The expected result is the full set of records, copied precisely, with images dropped.

══ Data records

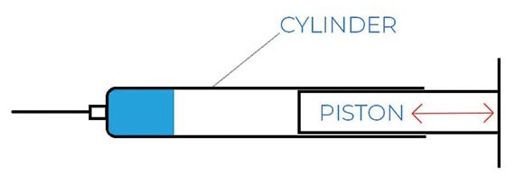 向后拉注射器的活塞會(huì)產(chǎn)生吸力,將液體拉入氣缸,同時(shí)向前推動(dòng)活塞將液體通過注射器的推頭排出(圖 1)。
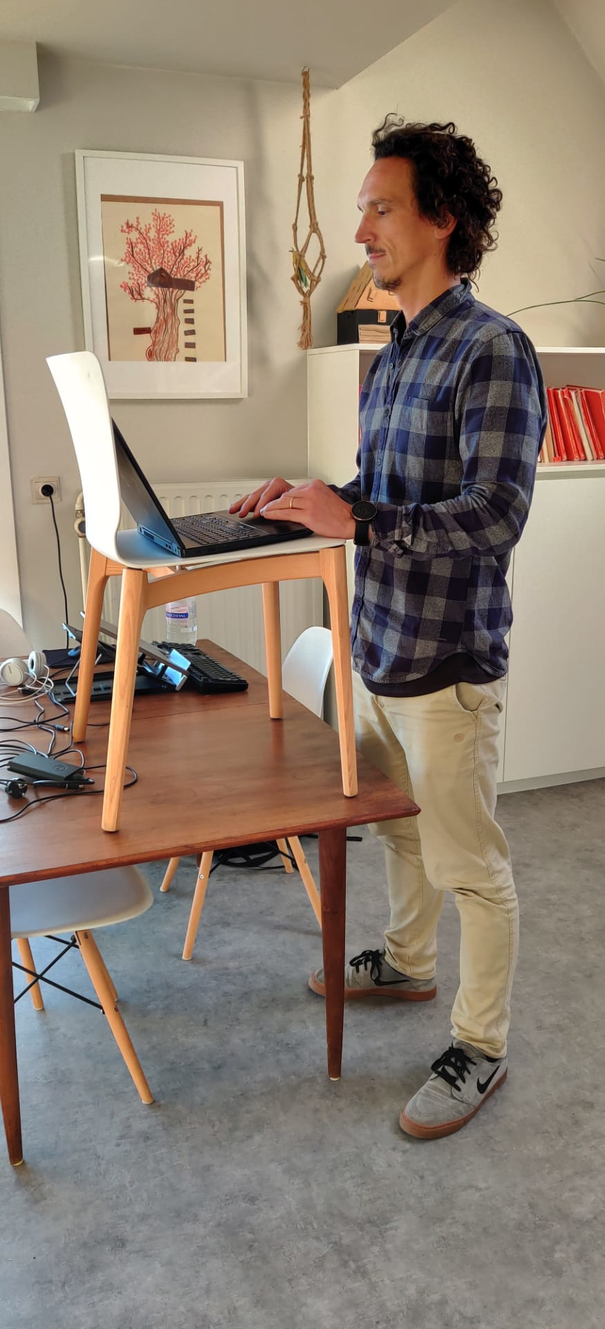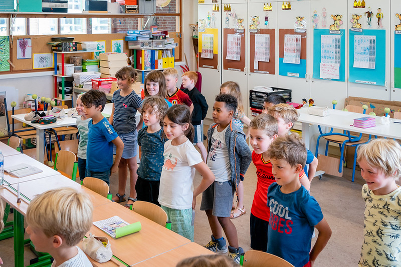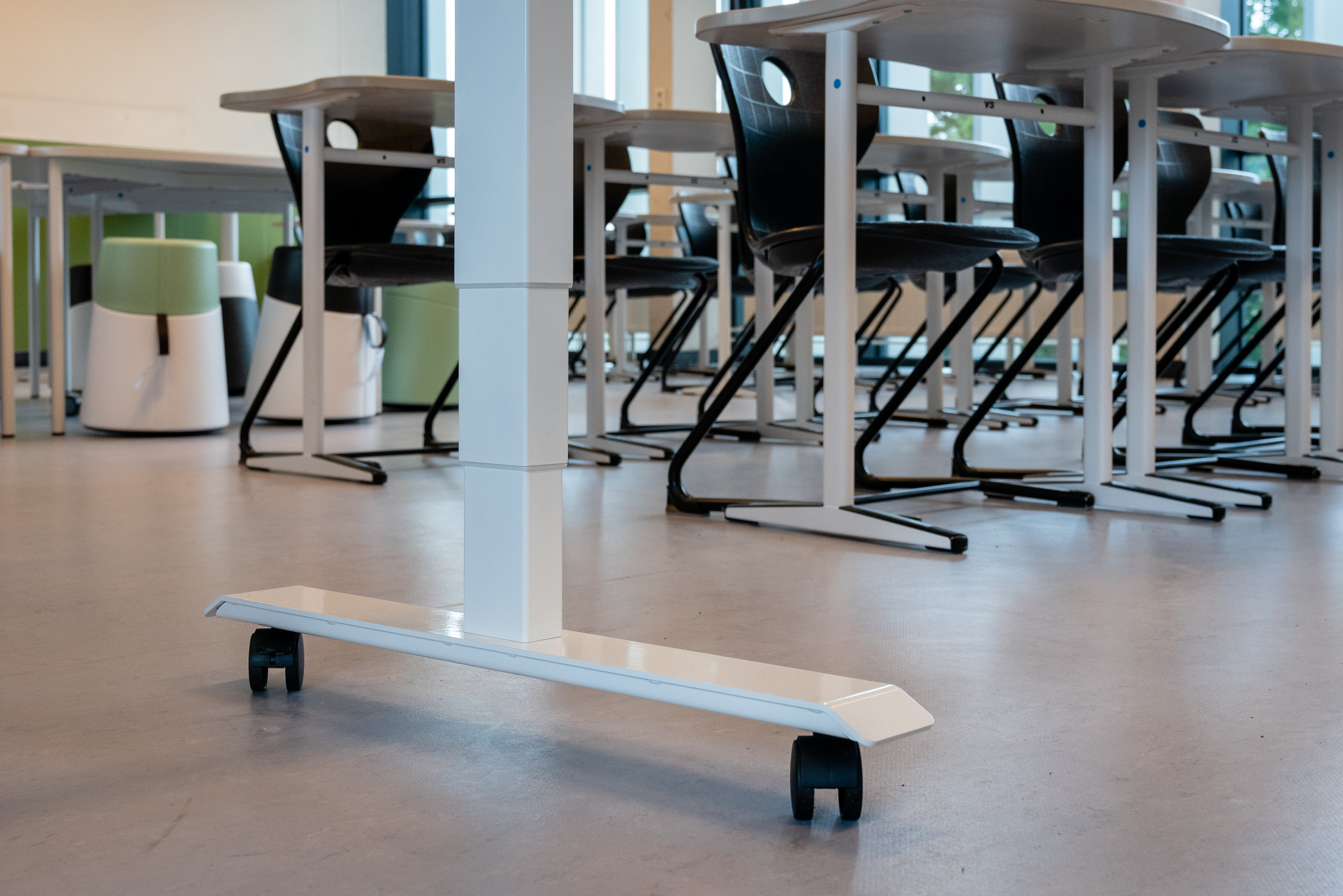 A next step was to replace half of all the tables in the classroom by sitting-standing tables. The children change their arrangement independently throughout the day: starting with classic sitting, chairs sliding away in a lock and the table to work while standing up. Thanks to the wheels, the tables also roll away quickly to create more space in the classroom. In this way you can switch from a classic setup to a completely empty classroom in less than 3 minutes every time. It gives you the opportunity to make happen dynamic sitting, standing and moving within the four classroom walls.
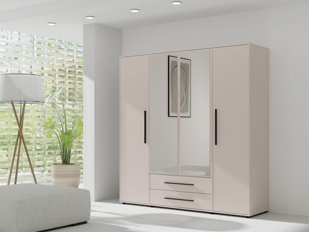 Skriňa je vyrobená z pevného laminátu odolného voči vlhkosti a každodennému používaniu. Kombinácia laminovanej dosky a HDF materiálu zabezpečuje stabilitu, pevnosť a dlhú životnosť bez deformácií či odlupovania. Údržba je jednoduchá – stačí povrch utrieť vlhkou handričkou alebo čistiacim prostriedkom. Kašmírová štvordverová skriňa Maxione je tak praktickým a vizuálne atraktívnym riešením pre moderný interiér.
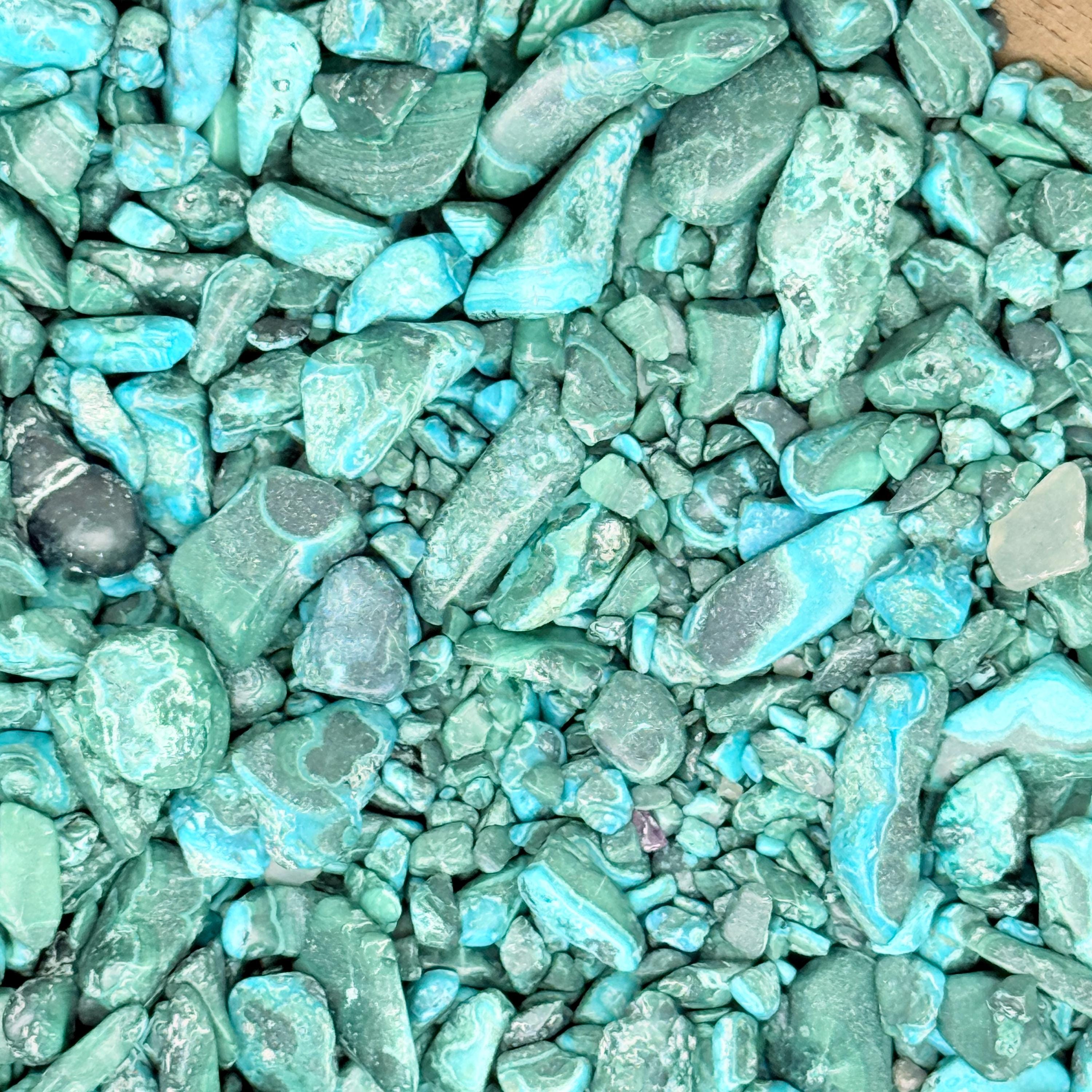 Chrysocolla Malachite is a powerful combination stone blending blue Chrysocolla (communication, serenity) and green Malachite (transformation, protection). It promotes heartfelt communication, emotional balance, and spiritual growth, acting as a soothing tool for relieving stress, fear, and negativity while balancing the heart and throat chakras.
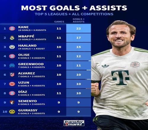 1.凱恩 22球 拜仁 (11場比賽19球3助攻)
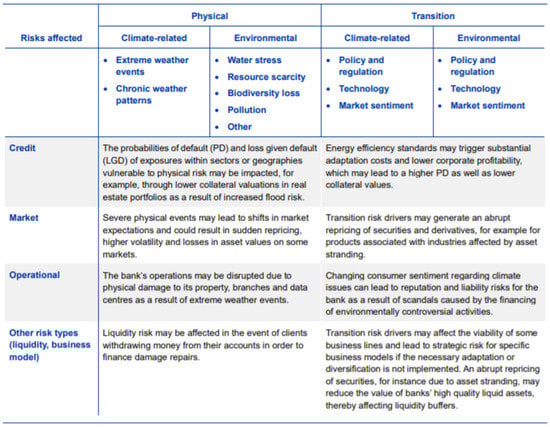 Furthermore, the Single Supervisory Mechanism (European Central Bank), the supervisory authority of the significant banks of the 19 Eurozone countries, has issued its own guide on climate and environmental risks in which it sets out the expectations with regard to the management of such risks and the related disclosure to investors [28]. The table below (Figure 3) shows the main impacts on the various risk categories highlighted in the guide issued by the European Central Bank.
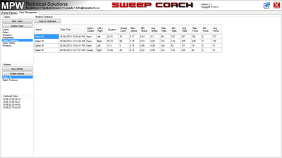 Sweep Coach is a complete system for capturing and analyzing curler sweeping performance. MPWTech first developed Sweep Coach in 2011, and provided systems for the Canadian Curling Association in 2012. Sweep Coach is a "smart" performace brush outfitted with precision sensors and custom electronics. The brush's embedded microcontroller system captures the athlete's sweeping performance and wirelessly transmits the data to a laptop for analysis and storage.

════

**Answer space**
 向后拉注射器的活塞會(huì)產(chǎn)生吸力,將液體拉入氣缸,同時(shí)向前推動(dòng)活塞將液體通過注射器的推頭排出(圖 1)。
 A next step was to replace half of all the tables in the classroom by sitting-standing tables. The children change their arrangement independently throughout the day: starting with classic sitting, chairs sliding away in a lock and the table to work while standing up. Thanks to the wheels, the tables also roll away quickly to create more space in the classroom. In this way you can switch from a classic setup to a completely empty classroom in less than 3 minutes every time. It gives you the opportunity to make happen dynamic sitting, standing and moving within the four classroom walls.
 Skriňa je vyrobená z pevného laminátu odolného voči vlhkosti a každodennému používaniu. Kombinácia laminovanej dosky a HDF materiálu zabezpečuje stabilitu, pevnosť a dlhú životnosť bez deformácií či odlupovania. Údržba je jednoduchá – stačí povrch utrieť vlhkou handričkou alebo čistiacim prostriedkom. Kašmírová štvordverová skriňa Maxione je tak praktickým a vizuálne atraktívnym riešením pre moderný interiér.
 Chrysocolla Malachite is a powerful combination stone blending blue Chrysocolla (communication, serenity) and green Malachite (transformation, protection). It promotes heartfelt communication, emotional balance, and spiritual growth, acting as a soothing tool for relieving stress, fear, and negativity while balancing the heart and throat chakras.
 1.凱恩 22球 拜仁 (11場比賽19球3助攻)
 Furthermore, the Single Supervisory Mechanism (European Central Bank), the supervisory authority of the significant banks of the 19 Eurozone countries, has issued its own guide on climate and environmental risks in which it sets out the expectations with regard to the management of such risks and the related disclosure to investors [28]. The table below (Figure 3) shows the main impacts on the various risk categories highlighted in the guide issued by the European Central Bank.
 Sweep Coach is a complete system for capturing and analyzing curler sweeping performance. MPWTech first developed Sweep Coach in 2011, and provided systems for the Canadian Curling Association in 2012. Sweep Coach is a "smart" performace brush outfitted with precision sensors and custom electronics. The brush's embedded microcontroller system captures the athlete's sweeping performance and wirelessly transmits the data to a laptop for analysis and storage.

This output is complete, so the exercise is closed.